>>>

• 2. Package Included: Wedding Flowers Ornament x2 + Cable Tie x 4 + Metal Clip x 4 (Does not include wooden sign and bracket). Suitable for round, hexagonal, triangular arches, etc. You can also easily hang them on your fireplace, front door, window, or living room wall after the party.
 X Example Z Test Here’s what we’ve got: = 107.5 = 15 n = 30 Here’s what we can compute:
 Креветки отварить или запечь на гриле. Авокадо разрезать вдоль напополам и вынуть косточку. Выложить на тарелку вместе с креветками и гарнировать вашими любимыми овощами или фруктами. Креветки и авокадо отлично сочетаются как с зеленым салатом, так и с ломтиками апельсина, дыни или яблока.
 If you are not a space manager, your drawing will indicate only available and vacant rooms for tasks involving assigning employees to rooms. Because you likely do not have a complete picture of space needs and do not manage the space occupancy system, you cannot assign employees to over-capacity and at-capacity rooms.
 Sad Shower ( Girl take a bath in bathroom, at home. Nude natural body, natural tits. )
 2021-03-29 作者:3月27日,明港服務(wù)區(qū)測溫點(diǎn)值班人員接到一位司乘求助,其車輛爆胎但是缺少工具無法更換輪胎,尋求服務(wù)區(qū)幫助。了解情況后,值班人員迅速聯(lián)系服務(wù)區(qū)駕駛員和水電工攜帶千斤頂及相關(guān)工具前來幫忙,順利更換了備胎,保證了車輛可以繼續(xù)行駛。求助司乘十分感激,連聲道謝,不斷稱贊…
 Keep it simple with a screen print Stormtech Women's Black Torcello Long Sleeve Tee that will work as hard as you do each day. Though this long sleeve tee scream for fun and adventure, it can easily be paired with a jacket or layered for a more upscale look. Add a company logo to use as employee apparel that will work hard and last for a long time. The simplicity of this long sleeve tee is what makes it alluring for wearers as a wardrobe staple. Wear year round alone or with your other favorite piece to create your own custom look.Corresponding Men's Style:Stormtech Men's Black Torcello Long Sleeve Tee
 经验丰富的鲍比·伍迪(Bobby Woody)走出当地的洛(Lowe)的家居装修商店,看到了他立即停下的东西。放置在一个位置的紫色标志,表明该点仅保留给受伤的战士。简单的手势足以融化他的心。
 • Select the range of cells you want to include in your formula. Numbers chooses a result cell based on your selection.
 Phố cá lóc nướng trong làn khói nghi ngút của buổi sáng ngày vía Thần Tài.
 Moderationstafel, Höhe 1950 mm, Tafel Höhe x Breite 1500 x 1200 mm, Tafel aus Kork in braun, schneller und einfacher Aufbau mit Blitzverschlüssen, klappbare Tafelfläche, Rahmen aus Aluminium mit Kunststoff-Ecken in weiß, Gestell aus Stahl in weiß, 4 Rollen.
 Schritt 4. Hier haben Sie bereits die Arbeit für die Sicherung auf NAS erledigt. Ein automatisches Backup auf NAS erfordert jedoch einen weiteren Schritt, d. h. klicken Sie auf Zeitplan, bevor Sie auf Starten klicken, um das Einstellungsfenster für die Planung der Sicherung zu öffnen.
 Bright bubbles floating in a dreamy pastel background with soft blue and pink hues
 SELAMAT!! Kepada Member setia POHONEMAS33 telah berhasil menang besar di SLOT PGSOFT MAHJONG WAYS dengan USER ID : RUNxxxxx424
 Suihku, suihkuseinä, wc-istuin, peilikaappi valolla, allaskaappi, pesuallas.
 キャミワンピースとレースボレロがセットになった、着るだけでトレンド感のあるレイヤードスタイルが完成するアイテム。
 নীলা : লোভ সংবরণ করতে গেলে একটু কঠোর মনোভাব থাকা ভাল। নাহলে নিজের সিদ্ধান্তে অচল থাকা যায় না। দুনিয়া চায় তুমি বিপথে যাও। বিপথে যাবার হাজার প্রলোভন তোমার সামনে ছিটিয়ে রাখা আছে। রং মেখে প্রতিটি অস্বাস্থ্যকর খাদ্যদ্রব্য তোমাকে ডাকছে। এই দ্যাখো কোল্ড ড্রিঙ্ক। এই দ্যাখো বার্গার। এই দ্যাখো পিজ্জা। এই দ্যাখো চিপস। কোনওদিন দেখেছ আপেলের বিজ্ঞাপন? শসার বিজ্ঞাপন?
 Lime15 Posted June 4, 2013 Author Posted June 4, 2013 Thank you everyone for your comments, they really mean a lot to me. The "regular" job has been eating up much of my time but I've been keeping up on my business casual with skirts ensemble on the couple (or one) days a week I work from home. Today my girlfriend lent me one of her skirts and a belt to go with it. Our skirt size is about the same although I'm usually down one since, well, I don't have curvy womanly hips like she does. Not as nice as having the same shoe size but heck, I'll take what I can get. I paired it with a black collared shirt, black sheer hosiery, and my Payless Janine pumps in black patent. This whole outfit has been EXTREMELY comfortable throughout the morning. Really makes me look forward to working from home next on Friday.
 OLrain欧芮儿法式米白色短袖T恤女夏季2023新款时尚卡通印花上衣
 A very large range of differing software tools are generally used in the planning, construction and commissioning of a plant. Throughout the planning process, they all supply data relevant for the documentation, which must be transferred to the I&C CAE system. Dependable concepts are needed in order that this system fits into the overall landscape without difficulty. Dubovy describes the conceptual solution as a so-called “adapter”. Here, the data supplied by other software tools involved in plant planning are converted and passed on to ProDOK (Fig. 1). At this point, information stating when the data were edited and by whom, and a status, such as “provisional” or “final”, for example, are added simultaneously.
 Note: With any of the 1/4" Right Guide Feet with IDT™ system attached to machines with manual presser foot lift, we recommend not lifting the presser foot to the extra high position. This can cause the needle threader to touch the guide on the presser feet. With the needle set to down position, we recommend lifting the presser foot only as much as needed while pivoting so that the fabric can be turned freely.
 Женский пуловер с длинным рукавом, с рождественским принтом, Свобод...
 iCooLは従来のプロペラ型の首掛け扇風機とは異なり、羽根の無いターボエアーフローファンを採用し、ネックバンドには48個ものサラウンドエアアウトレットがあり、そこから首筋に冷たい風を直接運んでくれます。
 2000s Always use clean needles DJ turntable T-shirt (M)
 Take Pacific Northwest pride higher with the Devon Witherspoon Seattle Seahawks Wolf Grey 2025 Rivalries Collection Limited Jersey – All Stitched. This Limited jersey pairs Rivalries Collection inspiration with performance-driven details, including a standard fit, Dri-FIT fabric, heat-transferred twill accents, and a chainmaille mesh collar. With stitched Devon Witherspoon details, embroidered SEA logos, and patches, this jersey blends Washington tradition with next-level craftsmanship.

<<<

» **Action item**:
Every entry is to be repeated precisely as it stands.

» **Result of this exercise**:
• 2. Package Included: Wedding Flowers Ornament x2 + Cable Tie x 4 + Metal Clip x 4 (Does not include wooden sign and bracket). Suitable for round, hexagonal, triangular arches, etc. You can also easily hang them on your fireplace, front door, window, or living room wall after the party.
 X Example Z Test Here’s what we’ve got: = 107.5 = 15 n = 30 Here’s what we can compute:
 Креветки отварить или запечь на гриле. Авокадо разрезать вдоль напополам и вынуть косточку. Выложить на тарелку вместе с креветками и гарнировать вашими любимыми овощами или фруктами. Креветки и авокадо отлично сочетаются как с зеленым салатом, так и с ломтиками апельсина, дыни или яблока.
 If you are not a space manager, your drawing will indicate only available and vacant rooms for tasks involving assigning employees to rooms. Because you likely do not have a complete picture of space needs and do not manage the space occupancy system, you cannot assign employees to over-capacity and at-capacity rooms.
 Sad Shower ( Girl take a bath in bathroom, at home. Nude natural body, natural tits. )
 2021-03-29 作者:3月27日,明港服務(wù)區(qū)測溫點(diǎn)值班人員接到一位司乘求助,其車輛爆胎但是缺少工具無法更換輪胎,尋求服務(wù)區(qū)幫助。了解情況后,值班人員迅速聯(lián)系服務(wù)區(qū)駕駛員和水電工攜帶千斤頂及相關(guān)工具前來幫忙,順利更換了備胎,保證了車輛可以繼續(xù)行駛。求助司乘十分感激,連聲道謝,不斷稱贊…
 Keep it simple with a screen print Stormtech Women's Black Torcello Long Sleeve Tee that will work as hard as you do each day. Though this long sleeve tee scream for fun and adventure, it can easily be paired with a jacket or layered for a more upscale look. Add a company logo to use as employee apparel that will work hard and last for a long time. The simplicity of this long sleeve tee is what makes it alluring for wearers as a wardrobe staple. Wear year round alone or with your other favorite piece to create your own custom look.Corresponding Men's Style:Stormtech Men's Black Torcello Long Sleeve Tee
 经验丰富的鲍比·伍迪(Bobby Woody)走出当地的洛(Lowe)的家居装修商店,看到了他立即停下的东西。放置在一个位置的紫色标志,表明该点仅保留给受伤的战士。简单的手势足以融化他的心。
 • Select the range of cells you want to include in your formula. Numbers chooses a result cell based on your selection.
 Phố cá lóc nướng trong làn khói nghi ngút của buổi sáng ngày vía Thần Tài.
 Moderationstafel, Höhe 1950 mm, Tafel Höhe x Breite 1500 x 1200 mm, Tafel aus Kork in braun, schneller und einfacher Aufbau mit Blitzverschlüssen, klappbare Tafelfläche, Rahmen aus Aluminium mit Kunststoff-Ecken in weiß, Gestell aus Stahl in weiß, 4 Rollen.
 Schritt 4. Hier haben Sie bereits die Arbeit für die Sicherung auf NAS erledigt. Ein automatisches Backup auf NAS erfordert jedoch einen weiteren Schritt, d. h. klicken Sie auf Zeitplan, bevor Sie auf Starten klicken, um das Einstellungsfenster für die Planung der Sicherung zu öffnen.
 Bright bubbles floating in a dreamy pastel background with soft blue and pink hues
 SELAMAT!! Kepada Member setia POHONEMAS33 telah berhasil menang besar di SLOT PGSOFT MAHJONG WAYS dengan USER ID : RUNxxxxx424
 Suihku, suihkuseinä, wc-istuin, peilikaappi valolla, allaskaappi, pesuallas.
 キャミワンピースとレースボレロがセットになった、着るだけでトレンド感のあるレイヤードスタイルが完成するアイテム。
 নীলা : লোভ সংবরণ করতে গেলে একটু কঠোর মনোভাব থাকা ভাল। নাহলে নিজের সিদ্ধান্তে অচল থাকা যায় না। দুনিয়া চায় তুমি বিপথে যাও। বিপথে যাবার হাজার প্রলোভন তোমার সামনে ছিটিয়ে রাখা আছে। রং মেখে প্রতিটি অস্বাস্থ্যকর খাদ্যদ্রব্য তোমাকে ডাকছে। এই দ্যাখো কোল্ড ড্রিঙ্ক। এই দ্যাখো বার্গার। এই দ্যাখো পিজ্জা। এই দ্যাখো চিপস। কোনওদিন দেখেছ আপেলের বিজ্ঞাপন? শসার বিজ্ঞাপন?
 Lime15 Posted June 4, 2013 Author Posted June 4, 2013 Thank you everyone for your comments, they really mean a lot to me. The "regular" job has been eating up much of my time but I've been keeping up on my business casual with skirts ensemble on the couple (or one) days a week I work from home. Today my girlfriend lent me one of her skirts and a belt to go with it. Our skirt size is about the same although I'm usually down one since, well, I don't have curvy womanly hips like she does. Not as nice as having the same shoe size but heck, I'll take what I can get. I paired it with a black collared shirt, black sheer hosiery, and my Payless Janine pumps in black patent. This whole outfit has been EXTREMELY comfortable throughout the morning. Really makes me look forward to working from home next on Friday.
 OLrain欧芮儿法式米白色短袖T恤女夏季2023新款时尚卡通印花上衣
 A very large range of differing software tools are generally used in the planning, construction and commissioning of a plant. Throughout the planning process, they all supply data relevant for the documentation, which must be transferred to the I&C CAE system. Dependable concepts are needed in order that this system fits into the overall landscape without difficulty. Dubovy describes the conceptual solution as a so-called “adapter”. Here, the data supplied by other software tools involved in plant planning are converted and passed on to ProDOK (Fig. 1). At this point, information stating when the data were edited and by whom, and a status, such as “provisional” or “final”, for example, are added simultaneously.
 Note: With any of the 1/4" Right Guide Feet with IDT™ system attached to machines with manual presser foot lift, we recommend not lifting the presser foot to the extra high position. This can cause the needle threader to touch the guide on the presser feet. With the needle set to down position, we recommend lifting the presser foot only as much as needed while pivoting so that the fabric can be turned freely.
 Женский пуловер с длинным рукавом, с рождественским принтом, Свобод...
 iCooLは従来のプロペラ型の首掛け扇風機とは異なり、羽根の無いターボエアーフローファンを採用し、ネックバンドには48個ものサラウンドエアアウトレットがあり、そこから首筋に冷たい風を直接運んでくれます。
 2000s Always use clean needles DJ turntable T-shirt (M)
 Take Pacific Northwest pride higher with the Devon Witherspoon Seattle Seahawks Wolf Grey 2025 Rivalries Collection Limited Jersey – All Stitched. This Limited jersey pairs Rivalries Collection inspiration with performance-driven details, including a standard fit, Dri-FIT fabric, heat-transferred twill accents, and a chainmaille mesh collar. With stitched Devon Witherspoon details, embroidered SEA logos, and patches, this jersey blends Washington tradition with next-level craftsmanship.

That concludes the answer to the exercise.